In field paleontology, one of the most important things you do once you find bone is create a proper field jacket. Jeff Martz recently created a nice little cartoon that describes the typical steps involved in jacketing bone once it's found (above), although he does leave out a very important final step - carrying the jacket out of the field. Here I'll show you what these steps look like in real life - an example from the Revueltosaurus Quarry - as we go from finding bone to bringing it home.
Step 1 was complete in 2004, when Bill Parker and his interns discovered this site while prospecting. In anticipation of finding more bone, we've been excavating (Step 2) since the beginning of the summer. A little over two weeks ago (June 22nd, 2012), we removed the first two big jackets from the Revueltosaurus Quarry here at PEFO. One weighed around 100 lbs, the other over 300 lbs. The 300 lb jacket contained what is likely an entire individual revueltosaur.

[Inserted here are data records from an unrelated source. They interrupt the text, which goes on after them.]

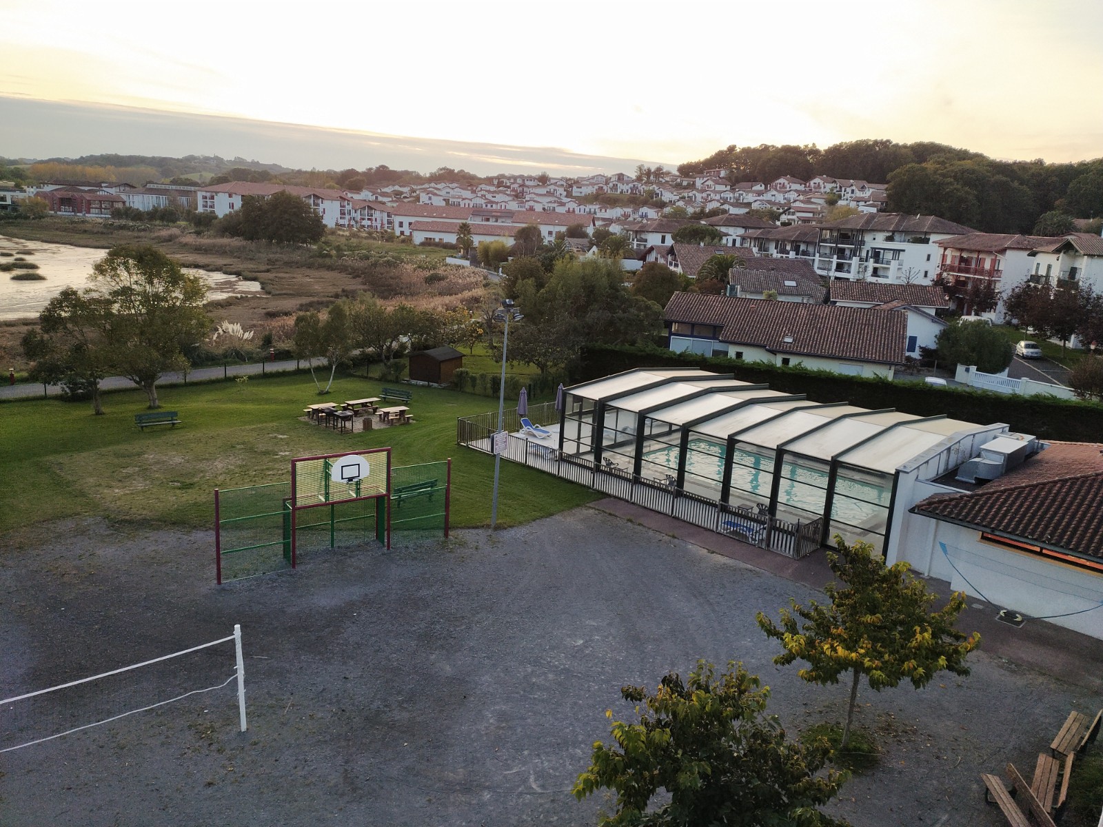 Bien situé près de la mer et de la montagne, à un prix très raisonnable, super vue sur les Pyrénées si vous êtes côté rivière. Nous avons passé un super séjour grâce notamment à l animatrice adultes sandra qui nous a montré des coins sympas, parlé de la flore et de l histoire du pays avec passion et organisé des soirées très sympathiques 😀 Belle piscine ouverte jusque 22h le spa et le hammam. Par contre peu de vagues à saint jean de luz, la baie est calme du aux digues, adaptée aux jeunes enfants, au paddle mais pas au surf. Surf sur handei ou la plage d erromardie mais ce n est pas comme à biarritz. Proche de l'Espagne pour y faire achats, sorties à San Sébastian. C est vrai que les soirées finissent tôt 22h30 en moyenne, donc c est calme le soir, à déconseiller pour des jeunes qui veulent faire la fête. Attention en septembre octobre cette année des groupes de personnes âgées
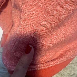 VS Pink pullover size is Large. Color is orangish with love pink spelled out on front. The writing has cracking and there is a small hole on the front as shown in the pics. Being sold as is.
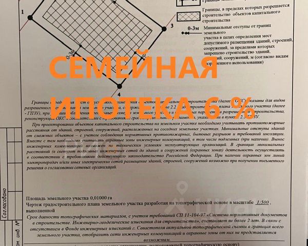 Арт. 107379433 Продается участок земли 5 соток! РОВНЫЙ, БЕЗ УКЛОНА, БЕЗ ОГРАНИЧЕНИЙ НА СТРОИТЕЛЬСТВО, БЕЗ НЮАНСОВ, БЕЗ ОБРЕМЕНЕНИЙ. НЕ АРЕНДА, СОБСТВЕННОСТЬ, Коммуникации: электричество от СевЭнерго, водоснабжение городское. На участок получен ГПЗУ. Соотношение сторон: 12,5 - фасад, 40 - глубина. Участок можно приобрести в ипотеку. Кадастровый номер: 91:04:019001:106.
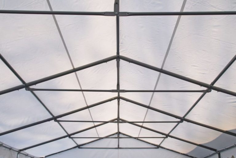 Mit einem beeindruckenden Rohrdurchmesser von 50 mm und einem integrierten Bodenrahmen bietet dieses Zelt eine unvergleichliche Stabilität. Das rasterfaserverstärkte 550 g/m² Professional FR PVC Material sorgt nicht nur für Langlebigkeit, sondern ist auch feuersicher zertifiziert. Dank der zusätzlichen Dachverstrebungen bleibt das Zelt selbst bei widrigen Wetterbedingungen stabil und sicher.

|Slowly outlining where the bone is. It's hard to see, but the bone is a faint orange color in the middle of the photo.|
|Jacketing some parts of the block as Bill continues to define the edges.|
The block continued to expand, until we were finally able to define all the edges (Step 3) by June 12. By June 15, we had a complete, jacketed block. We also had the second block starting to take shape right beside it. Bill managed to recruit some help to haul these two jackets out of the quarry and up out of the badlands, so by June 21, we were ready to flip them both (Step 5). A testament to good jacketing, both blocks flipped perfectly, with no signs flexing.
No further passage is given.